Not specifically looking to trigger the backups remotely. Would like them to trigger locally and just report because if the Internet goes down, you don't want things to not keep going.
Salt or Ansible should be able to do this too. And you could script the responses.
-
This just seems like such a simple thing. And I'm not the one that came up with the need, I was just the one asked to research it for another company. But I talked to companies that make this stuff as part of the process and it seems like there is just so much money in the cloud storage portion, that no one is willing to make local targets overly accessible or attractive.
-
@scottalanmiller said in Centrally Controlled Local Backup System Options:
@stacksofplates said in Centrally Controlled Local Backup System Options:
I mean an outside the box scenario is you could use Jenkins to schedule all of this. Then just use something like Restic or Borg to do the backups either locally or to a central location.
Then you can have Jenkins send messages/emails on a failure. You'd just need a Jenkins slave at every site (can be whatever you are running the backup on).
Not specifically looking to trigger the backups remotely. Would like them to trigger locally and just report because if the Internet goes down, you don't want things to not keep going.
Salt or Ansible should be able to do this too. And you could script the responses.
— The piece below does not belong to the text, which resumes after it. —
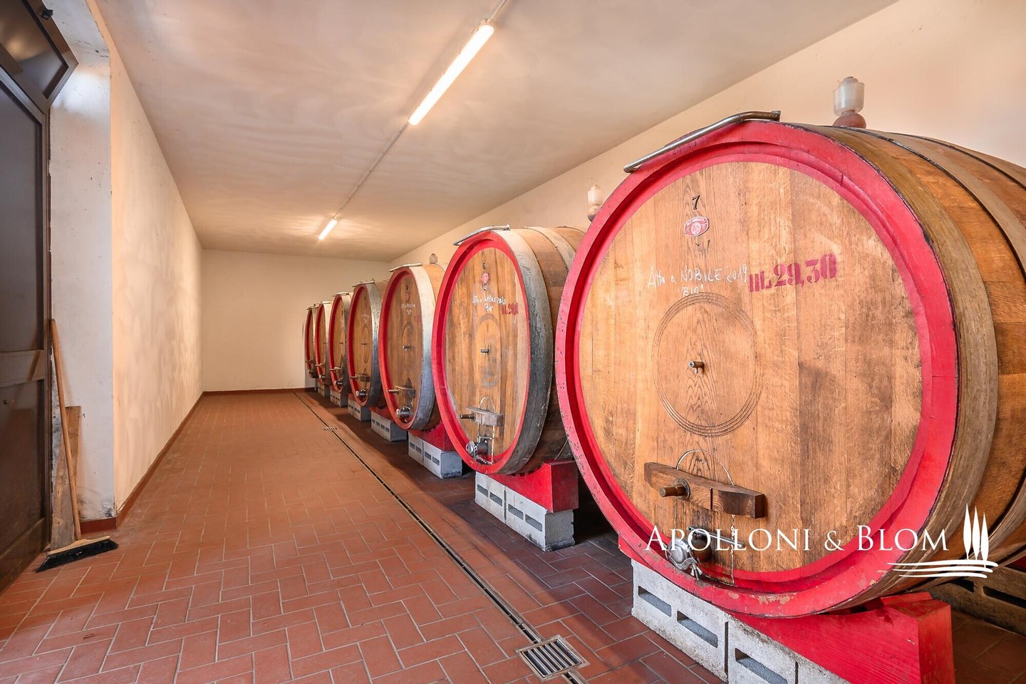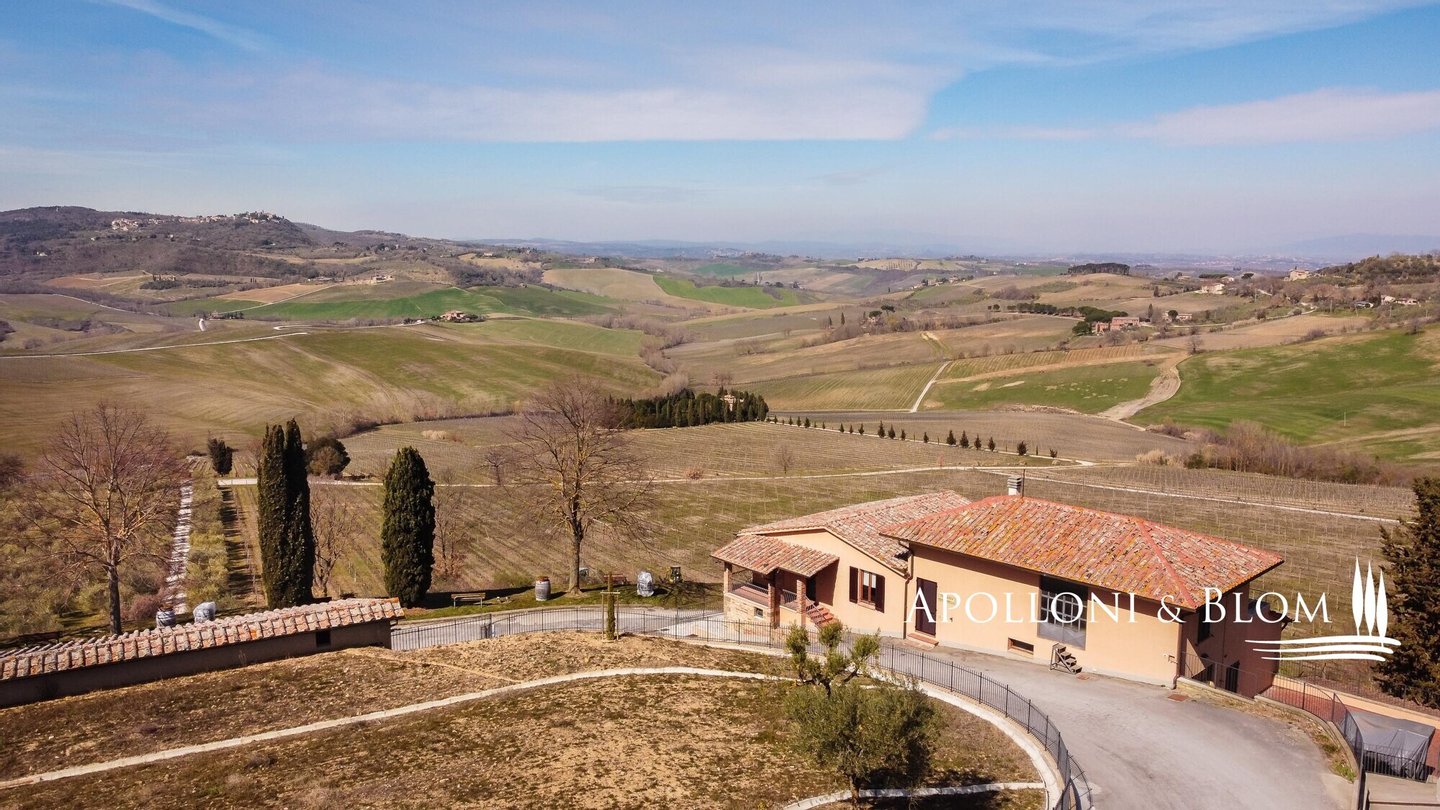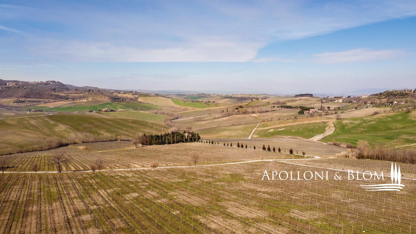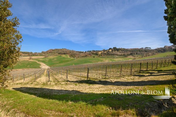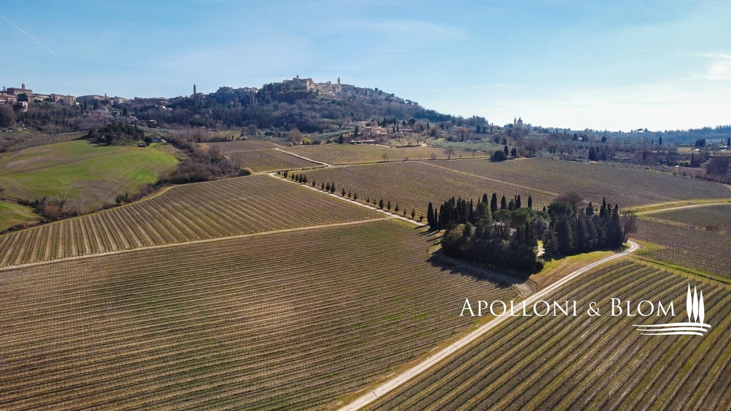 Weingut mit biologisch bewirtschafteten Weinbergen und Weinkeller in Montepulciano, Siena, zu verkaufen. Das Weingut hat 48 Hektar, von denen 31 mit Reben bepflanzt sind, von denen 16 für die Produktion von Vino Nobile reserviert sind. Die Reben stehen auf Mergel- und Kiesböden in einer Höhe von 350 bis 400 m über dem Meeresspiegel. Die Weinberge sind hauptsächlich nach Süden ausgerichtet, und die Reben werden mit dem horizontalen Kordon und dem Guyot-System angebaut. Weitere 4 Hektar sind für Olivenbäume reserviert, aus denen das Native Olivenöl Extra D.O.P Terre di Siena hergestellt wird. Die Hauptproduktion ist der Vino Nobile di Montepulciano, ein Wein mit großer Tradition, der in den letzten Jahren eine Qualitätssteigerung erfahren hat, die zu einem wachsenden internationalen Erfolg geführt hat. Darüber hinaus verfügt das Unternehmen über eine diskrete Produktion von Rosso di Montepulciano und den preisgekrönten, edlen und großzügigen Supertuscan-Verschnitt aus Sangiovese und Merlot für wichtige Anlässe. Die Produktion umfasst auch den Calamus, einen ausgezeichneten weißen IGT Toscana und den noch wichtigeren Il Muffato mit seinem süßen Honigaroma, ein ausgezeichneter Meditationswein. Aus einem Olivenhain von ca. 4 ha wird ein Natives Olivenöl Extra mit außergewöhnlichen organoleptischen Eigenschaften hergestellt, fruchtig und mit einem leicht würzigen Nachgeschmack. Die Oliven werden noch am Tag der Ernte in die Mühle gebracht, um die einzigartigen Eigenschaften des Öls und einen sehr geringen Säuregehalt zu gewährleisten. Das Öl hat die Zertifizierung D.O.P Terre di Siena (geschützte Ursprungsbezeichnung) erhalten.

I assumed that Jenkins would have the Ansible plugin (or Salt if there is one, not sure) so the slave could do whatever it needed with that tool. You could always deploy script and then just have a Jenkins job to scrape the data.
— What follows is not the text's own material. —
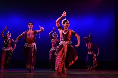 Mounted in Ravenshaw University of Cuttack (Odisha), The Kalinga Indonesia Dialogue, spearheaded by Ambassador Lalit Mansingh, President of the Kalinga Lanka Foundation, with sponsors like the ICCR, and the FICCI was a crackling three day exchange among high profile delegates led by the Ambassador of Indonesia in India, Rizali Wilmar Indrakesuma and several ex-ambassadors, professors, scholars and historians. Coinciding with the symbolic sailing of boats on Kartik Purnima during Bali Jatra, an annual event comprising a nostalgic recapture of past history begun in 1992-'93 in a re-enactment of historical maritime activity between Kalinga and Indonesia, with the INS Samudra sailing from Paradeep to Bali, to be followed by a seminar in Bali in 1993 with eminent Indian and Indonesian scholars participating, the recent dialogue was not meant to descend into a nostalgic recall of history, but to engage in a robust search for ways of activating strategic and economic interaction, which over the years through euphoric and less happy moments, has not lived up to its potential. Bhaba Sangama as the artistic representation for this interaction of India and Indonesia, saw Odissi and Balinese dancers in confluence. The Odissi dancers were from the Odissi Dance Academy at Bhubaneswar led by dancer Aruna Mohanty. The two very attractive Balinese dancers with names that spoke of the old Sanskrit heritage straight away were Dewa Ayu Eka Putri, dancer/ musician/ teacher at Cudamani Dance and Music Foundation and Ida Ayu Wayan Prihandari, dance and music teacher of Maha Bajra Sandhi Dance and Music Foundation. A fine visual on the back curtain of an ancient ornate large boat spoke of how the story of relationships began. There were also evocative visuals of Ravana Chhaya puppets, Puppets of Wayangkuli - though the technical side of projecting these was less than smooth - with jagged halts. The dance itself, with background research work done by Kedar Misra, very intelligently showed in bright snippets the cultural similarities between India and Bali through festivals, architecture, the shared approach to temple ritual and expressions of folk culture. The wise approach was to bring together folk influences and forms like Chhau instead of being bound by the strict confines of classical Odissi only. The obvious bond lay in the theme of the Ramayana, which our sea travellers took to so many regions outside, and in each area, the epic story has taken on a unique artistic cultural manifestation. It is to the credit of choreographer Aruna Mohanty that the dance forms from two regions, sharing a mindset though very different in technique, melded so smoothly. The Balinese dancer with her grace made a wonderful Sita at Ashoka-vana. A Chhau dancer who has been trained in Javanese dance played Ravana as depicted in their presentations, the grandeur of this character also brought out. The golden deer was another Indian dancer performing in Balinese style. Male dancers in Chhau movements were a pleasure to watch. The Choodamani Pradanam scene, Lanka being set on fire by Hanuman's torched tail, the Setu-bandhan by the army of monkeys enabling the crossing of the seas to Lanka, and the sensitive scene showing Sita going through the fire ordeal were all presented with finesse and exemplary movement coordination.
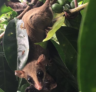 Hemos tenido la dicha de registrar marsupiales en nuestra finca: las conocidas zarigüeyas (faras o runchos) siempre cargando sus crías, y este más esquivo y pequeño ejemplar de la "martica", que nos mira con tanta curiosidad como nosotros a ella. La foto de este raro encuentro se dio durante la recolección del café; los granos verdes nos indican su diminuto tamaño. ¡Esperamos volverla a ver pronto!

Probably more of a realistic scenario is to just have the scripts at each site deploy to the location (remote or local) and then have Prometheus monitor that. You could pretty easily have an exporter report any failures on the systemd unit (or whatever service you want).
-
Its been a long while but didn't BackupExec used to have a central management console? I haven't looked at or used their product in 5-7 years now but might be worth checking into
-
@jt1001001 said in Centrally Controlled Local Backup System Options:
Its been a long while but didn't BackupExec used to have a central management console? I haven't looked at or used their product in 5-7 years now but might be worth checking into
OMG, do they still exist? LMAO
-
Yes they were re-spun off of Symatec a couple years back.
-
@jt1001001 said in Centrally Controlled Local Backup System Options:
Yes they were re-spun off of Symatec a couple years back.
You'd think that I'd remember them. I worked for them both pre- and during-Symantec (I was there during the buyout.) But I never worked on the BE side, only on the Netbackup side.
-
Metallic looks like it might do what I want here.
-
@scottalanmiller said in Centrally Controlled Local Backup System Options:
Metallic looks like it might do what I want here.
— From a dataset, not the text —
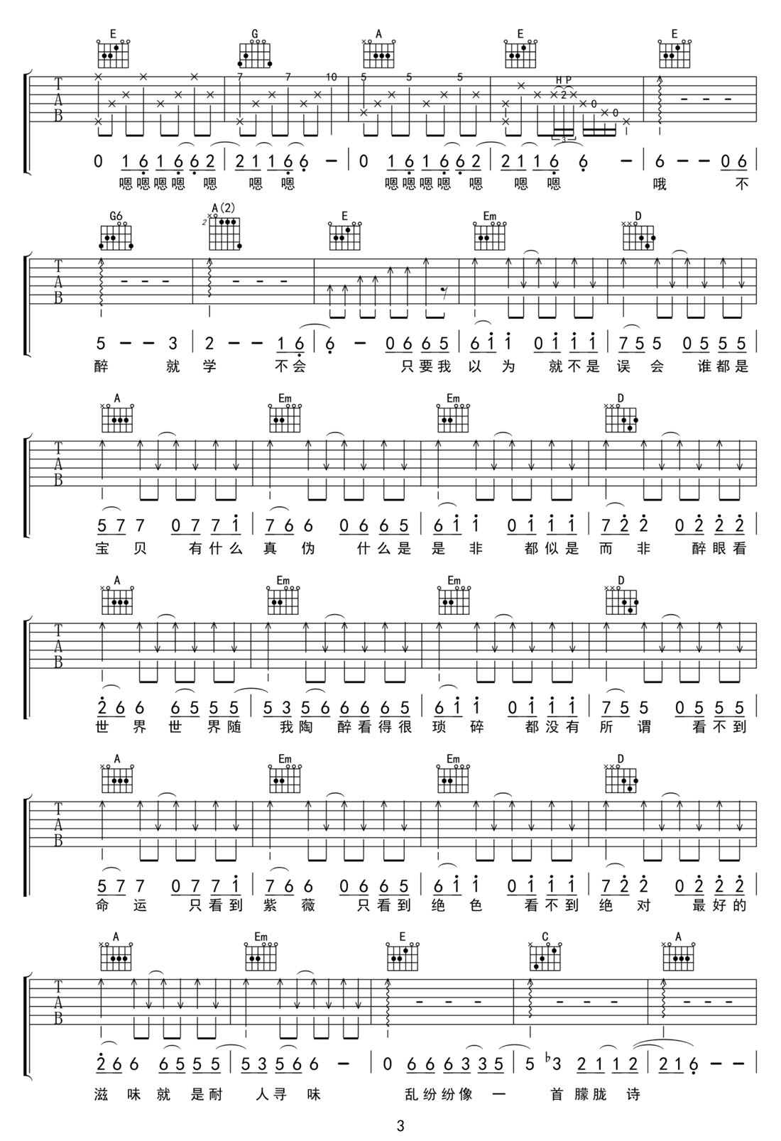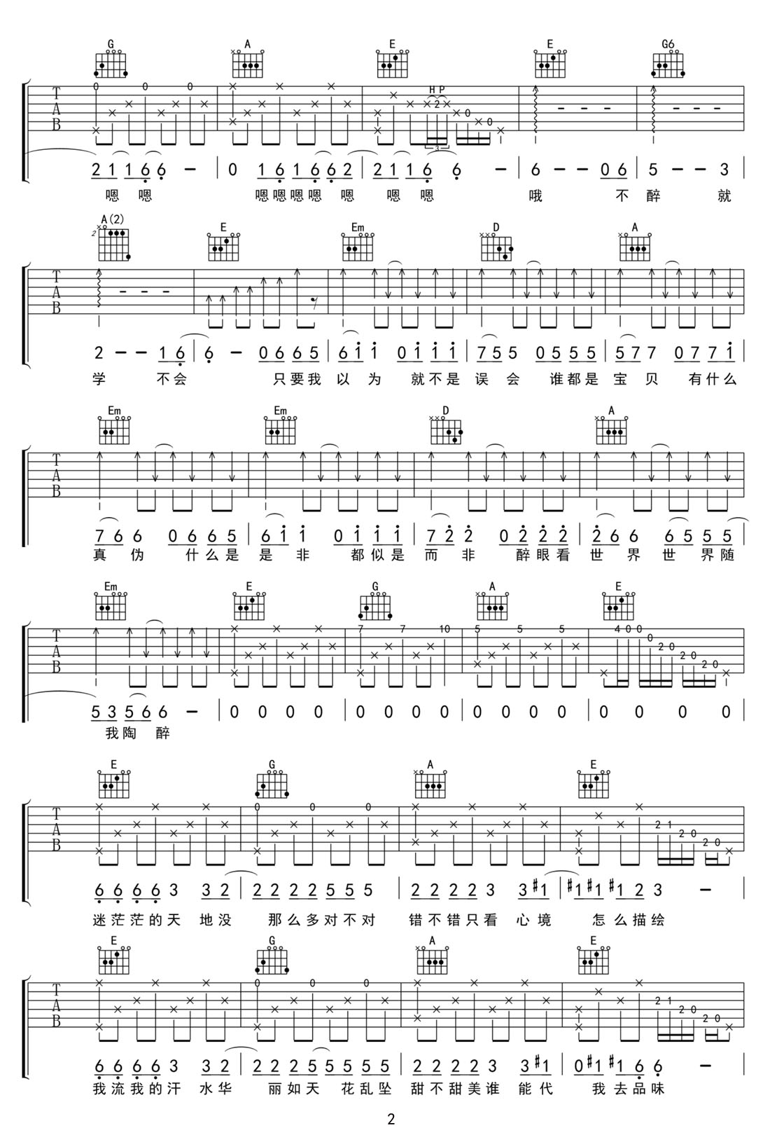 不醉不会吉他谱_田馥甄_G调原版弹唱谱_图片六线谱
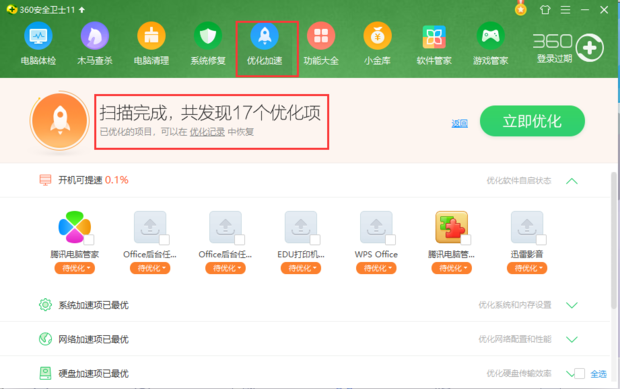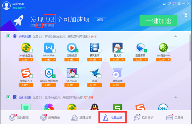 接着分别点击360主页面上方的“优化加速”和电脑管家主页面下方“电脑加速”进行检测,检测完的结果如图,360发现17个可优化项,电脑管家发现93个可优化项,两者数据同样相差过大,这是因为360的优化项是大项,电脑管家细化成了很多小项的缘故。

Looks great, but I don't see anything to suggest it will centrally manage backups to locally attached USB devices.
-
We use https://www.backupassist.com at one site to backup up USB RDX drive. Think they have central management.
-
@scottalanmiller said in Centrally Controlled Local Backup System Options:
Metallic looks like it might do what I want here.
Unless you're talking about using Metallic's Endpoint, the pricing structure seems... strange to me. Maybe I'm looking at it wrong.
The endpoint pricing seems to be ~$10 /user /month.
The Core pricing seems to be $200/tb/month for using your own storage? Seems a bit pricey to me on that front.
-
@dafyre said in Centrally Controlled Local Backup System Options:
The endpoint pricing seems to be ~$10 /user /month.
How does that work with multiple sites? I'm one user backing up 100 sites, so it's just $10 a month?
-
@Obsolesce said in Centrally Controlled Local Backup System Options:
@scottalanmiller said in Centrally Controlled Local Backup System Options:
Metallic looks like it might do what I want here.
Looks great, but I don't see anything to suggest it will centrally manage backups to locally attached USB devices.
Well it's a SaaS product, so presumably hosted or at least hostable. I swear I read that local storage was allowed.